In 2019, the exhibition Rayyane Tabet / Alien Property opened at the Metropolitan Museum of Art and displayed the museum's orthostat reliefs and Tabet's graphite transfers, Orthostates, in tandem with his family heirlooms. The exhibition explores the task of locating and tracing provenance, particularly through reference to the Alien Property Act and the objects purchased at auction by the museum after they had been seized by the Office of Alien Property Custodian. It conveys the fragmentation and division as Tell Halaf sat at the center of political governance and conflict. It also addresses the role of an encyclopedic museum in conversation and collaboration with the past, and its voices.

Tabet was selected to participate in the 2022 Whitney Biennial titled "Quiet as It's Kept" curated by Adrienne Edwards and David Breslin.
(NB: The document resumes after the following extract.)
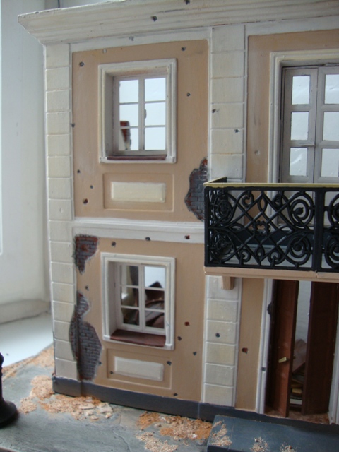 По зданию: нужно еще припылить, загрязнить те места где следы от пуль...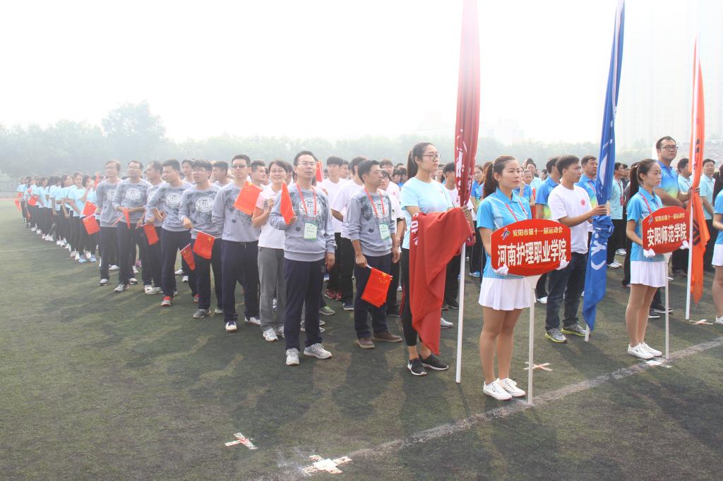 “突破自我、超越极限、护理学院、勇夺桂冠”,喊着嘹亮的口号,排着整齐的队伍,迈着矫健的步伐,9月19日上午9时,我院由20名教师、100名学生组成的方队参加了安阳市第十一届运动会开幕式。

Tabet has been awarded the Emerging Artist Award of the Sharjah Biennial (2011); the Jury Prize of the Future Generation Art Prize (2012); and the Abraaj Group Art Prize (2013). His work can be found in public museum collections including at the Metropolitan Museum of Art.

== Exhibitions ==

- 2024	A Model, MUDAM, Luxembourg
- 2023	A Model: Prelude, MUDAM, Luxembourg City, Luxembourg
- 2023 Arabesque, Sfeir-Semler Downtown, Beirut, Lebanon
- 2023 The Return, Sfeir-Semler Karantina, Beirut, Lebanon
- 2022 Kunstenfestivaldesarts – 27th Edition, Various locations in Brussels, Belgium
- 2021 Rayyane Tabet: Arabesque, Sfeir-Semler Gallery, Hamburg, Germany
- 2020	A sun yellow with anger, Sfeir-Semler Gallery, Hamburg, Germany
- 2018 FRAGMENTS, Sfeir-Semler Karantina, Beirut, Lebanon
- 2015	ONLY GODS NEVER DIE, Sfeir-Semler Gallery, Hamburg, Germany
- 2013	The Shortest Distance Between Two Points, Sfeir-Semler Gallery, Beirut, Lebanon
- 2006	Moving Homes, Sfeir-Semler Gallery, Beirut, Lebanon

== Awards and residencies ==
- 2016	DAAD Artists in Residency Program, Berlin, Germany
- 2013	Abraaj Group Art Prize, Dubai, UAE
- 2012	Future Generation Art Prize Jury Award, Ukraine
- 2011	Sharjah Biennial 10 Artist Prize, Sharjah, UAE

== Publications ==
In 2018, Tabet published FRAGMENTS/BRUCHSTÜCKE, published by Kunstverein, Hamburg, DAAD Artists-in-Berlin Program & KAPH Books.